Тут я вспомнил, что дубликат ключей висит в домовой конторе во дворе. Кстати, я мог бы там кого-нибудь попросить вызвать «скорую». Я хорошо представлял себе, что сделают со мной мать и муж Элизабет, если она — не дай Бог — умрет в моей квартире. Они даже могут обвинить меня в убийстве… Я нажал на кнопку грузового лифта, но он был занят и словно застыл на семнадцатом этаже. Я бросился вниз по лестнице — про себя, а может, и вслух проклиная тот день, когда появился на свет. В какой-то момент я услышал, что лифт поехал вниз. В холле двое мужчин перегородили входную дверь диваном, кто-то с семнадцатого этажа переезжал. Весь холл был заставлен мебелью, напольными вазами, связками книг, я попросил, чтобы мне дали пройти, но грузчики сделали вид, что не слышат. Да, подумал я, этого визита я не переживу. Вдруг я вспомнил, что на шестом этаже живет наборщик — сотрудник одной газеты, в редколлегии которой я состоял. Если хотя бы кто-нибудь из его семьи дома, мне помогут вызвать «скорую» и позвонят в контору насчет ключей. Я помчался на шестой этаж. Сердце бешено колотилось, пот лил с меня градом. Я позвонил в дверь наборщика, никто не открывает. Я уже собирался опять кинуться вниз, когда дверь приоткрыли на длину цепочки. Я увидел глаз и услышал женский голос, который произнес:
— Что вам угодно?
Я принялся объяснять, что происходит. Я говорил обрывочно и бессвязно, как человек, находящийся в смертельной опасности. Единственный видимый мне глаз сверлил меня с явным недоверием.

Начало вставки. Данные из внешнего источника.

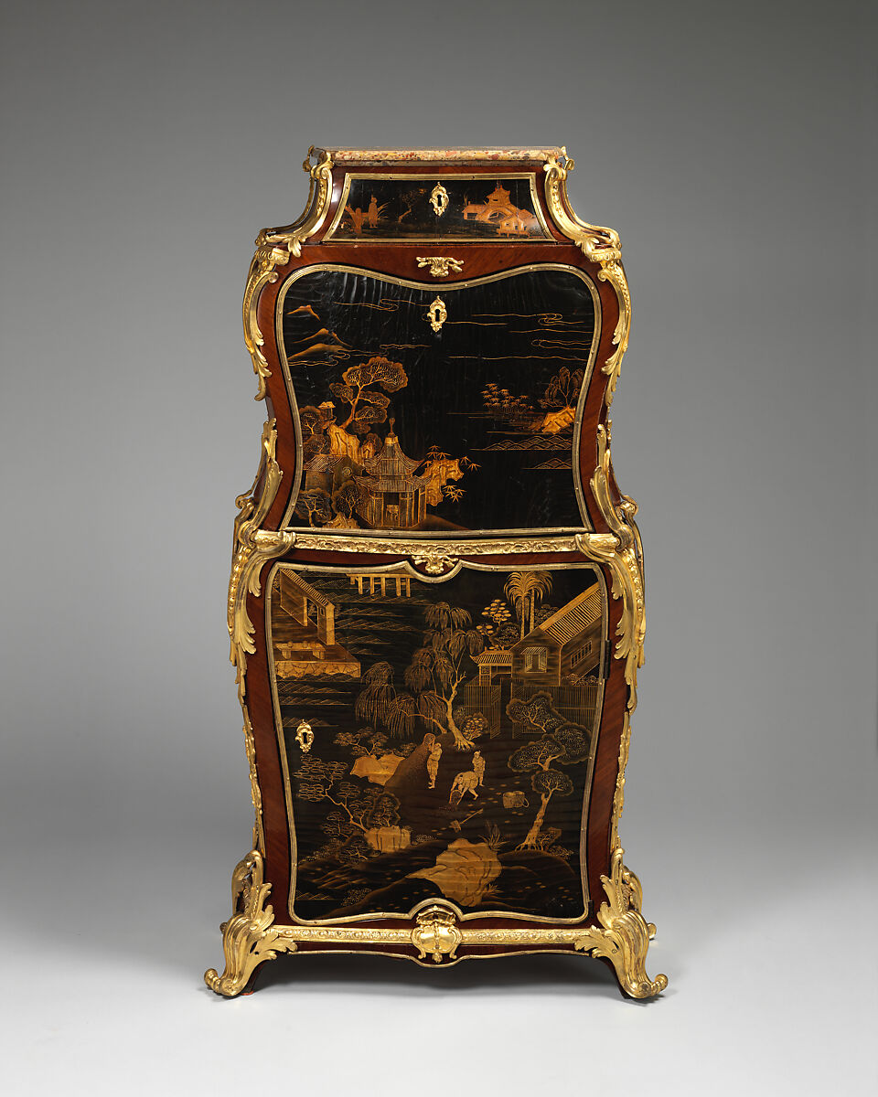 - Medium: Veneered on oak, in front with panels of black and gold lacquer, partly Chinese and partly European, and on the sides with floral marquetry in tulipwood, rosewood, satinwood, purplewood, and various other end-cut woods; mounts of gilded and chased bronze; top of breche d'Aleps marble

— Я не хозяйка. Хозяева за границей. Я двоюродная сестра.
— Я прошу вас о помощи. Поверьте, я не грабитель. Ваш брат набирает все мои статьи, может быть, вы слышали мое имя?
Я назвал газету, я даже перечислил несколько своих книг, но она ничего обо мне не слышала.
После некоторого колебания она наконец сказала:
— Все-таки я не могу вас пустить. Сами знаете как сейчас бывает. Подождите здесь, я позвоню в контору. Как, вы сказали, ваша фамилия?
Я повторил, как меня зовут, назвал номер своей квартиры и рассыпался в благодарностях. Она закрыла дверь. Я полагал, что дверь вот-вот откроется и она сообщит мне, что дозвонилась до конторы и что «скорая» уже вызвана, но прошло семь минут, а никто не появлялся. Я стоял, несчастный и потерянный, и думал о горьком человеческом жребии. Насколько же все мы рабы обстоятельств. Малейшее недоразумение, и вот все летит вверх тормашками. В сущности, из этого положения есть только один выход: нужно вообще перестать праздновать шабат, называемый жизнью, и, разорвав цепь причин и следствий, мужественно встретить смерть — подлинную основу мироздания.
Прошло еще пять минут, а дверь все не открывалась. Я опять бросился вниз, на ходу воображая, как бы поступил с этой бессердечной женщиной, если бы обладал неограниченной властью. Когда я оказался в холле, диван уже вынесли на улицу. Я увидел господина Брауна, председателя нашего Домового комитета, и сбивчиво рассказал ему о своем бедственном положении. Его взгляд выразил полнейшее изумление:
— Нет, никто не звонил. Пойдемте, я дам вам ключ.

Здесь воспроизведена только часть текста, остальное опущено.